Ayatollah Sistani, the most influential Shia religious leader, is behind the Shia list, but it is not quite clear how far behind. The list may not elect 120 to 130 members of the National Assembly, as it expects.
The Shia leaders, though they have agreed an electoral pact, are deeply divided. At the head of the list is Abdul Aziz al-Hakim, the head of the Supreme Council for Islamic Revolution in Iraq (SCIRI), a party long based in Iran. Perhaps the most popular politician in Iraq is Ibrahim al-Jaafari, the head of one of factions of the Dawa party. But the list also includes Ahmed Chalabi, once the choice of the Pentagon to be the new leader of Iraq.
Mr Allawi, the surprise choice as interim Prime Minister, could go on holding the job, for the same reason he got it in the first place: the main players can live with him. The most important of these is the US. “There is simply no one else on whom the National Assembly could reach consensus,” a senior official from a leading Shia party was quoted as saying. “Kurds would rather deal with Allawi than an Islamist Shia. So would Sunnis. We also realise that an Islamist Shia prime minister is a red line for the Americans.”
But Mr Allawi has shown that he looks first of all to Washington for instructions. He supported the assault on Fallujah, despite the bloodshed. Militarily he is dependent on the US army. This might not damage him in the eyes of many Iraqi voters if he had satisfied their desire for security or improved the supply of electricity and fuel. Unfortunately for him the shortages are getting worse.

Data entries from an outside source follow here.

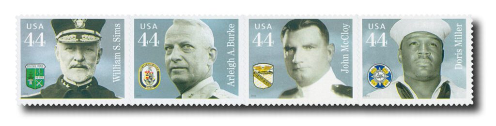 The final installment came on February 4, 2010, with four 44-cent stamps celebrating distinguished sailors of the US Navy. The set honored Admiral William S. Sims, Admiral Arleigh A. Burke, Lieutenant Commander John C. McCloy, and Doris “Dorie” Miller—the first African American to receive the Navy Cross. Each stamp showed the honoree along with a ship named in their memory, symbolizing their lasting influence on naval history. With this issue, the Postal Service completed a decade-long tribute to America’s armed forces and the men whose service and heroism defined them.
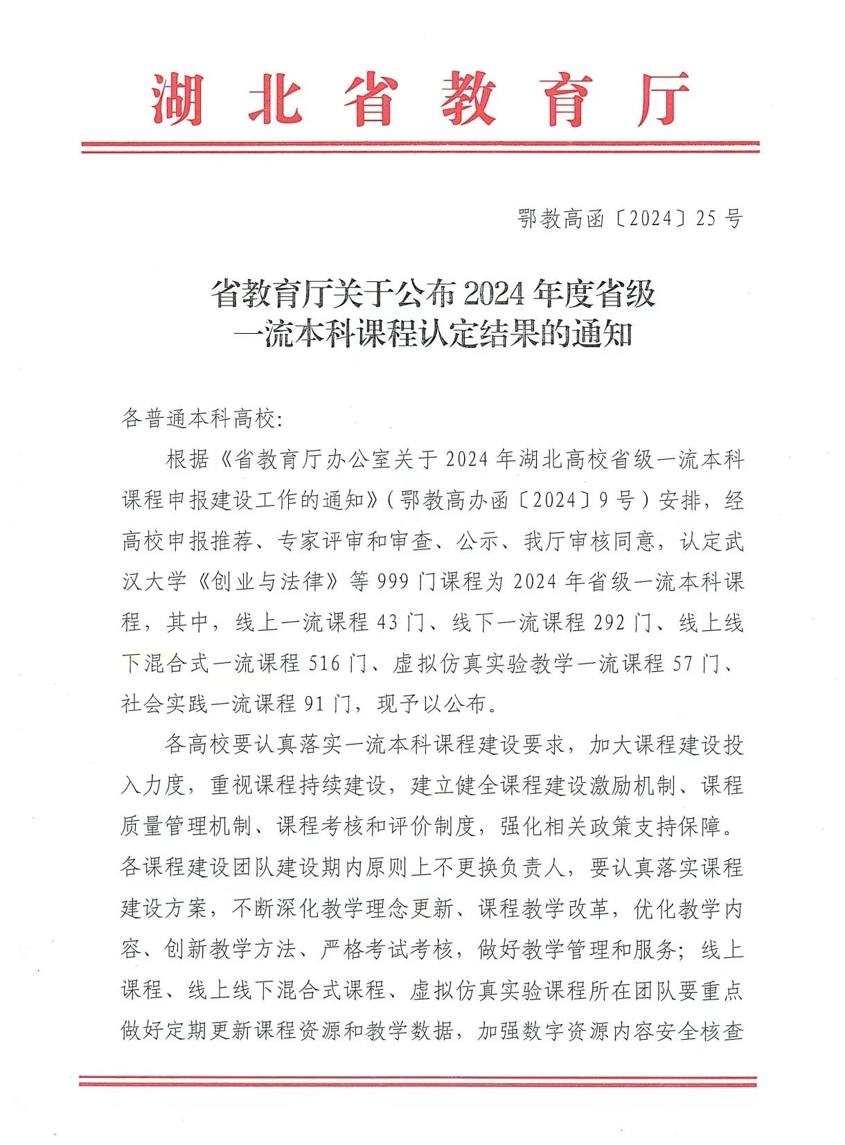 近日,湖北省教育厅发布了《省教育厅关于公布2024年度省级一流本科课程认定结果的通知》(鄂教高函〔2024〕25号),我校共有7门课程获批2024年度省级一流本科课程,其中,社会实践课程1门,线上线下混合式课程6门。
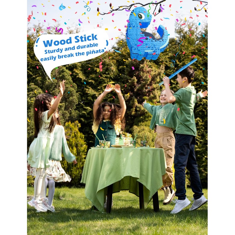 - UNIQUE DESIGN: This colorful dinosaur Piñatas (16"x12.6"x3.5") comes with12pcs paper glasses, a wood stick, confetti and blindfold, perfect for dinosaur Piñata for boys birthday party decorations.
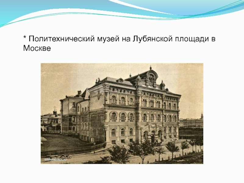 Слайд 15* Политехнический музей на Лубянской площади в Москве
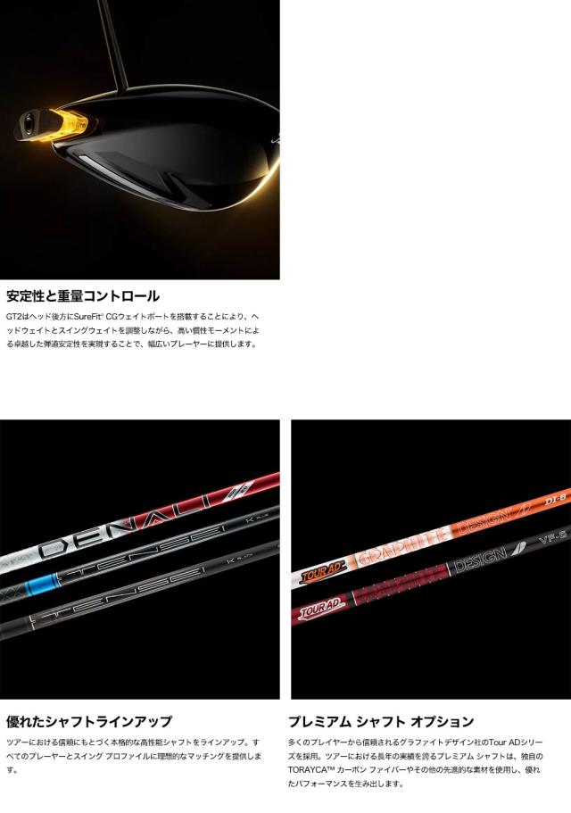 あらゆる打点で驚異的な飛距離を実現するタイトリスト GT2 ドライバーは、ミスヒットに対するさらなる許容性を発揮して最大のスピードパフォーマンスを引き出します。卓越したボールスピードと高慣性モーメント設計による一貫性がドライバーショットに大きな自信と安心感を与えます。●より強化された飛距離性能と安定性のバランス

The police and the National Guard lack legitimacy. Often they are not prepared to fight the resistance. During the uprising in Mosul last month, the insurgents captured 10 police stations, some of them simply by phoning ahead and telling the police to get out.
The problems for the US and the interim government will be largely unchanged after the election. The Sunni will not stop their uprising while the occupation continues. The government will still depend on American guns to defend it. The differences between the three main Iraqi communities are increasing, and the war will go on.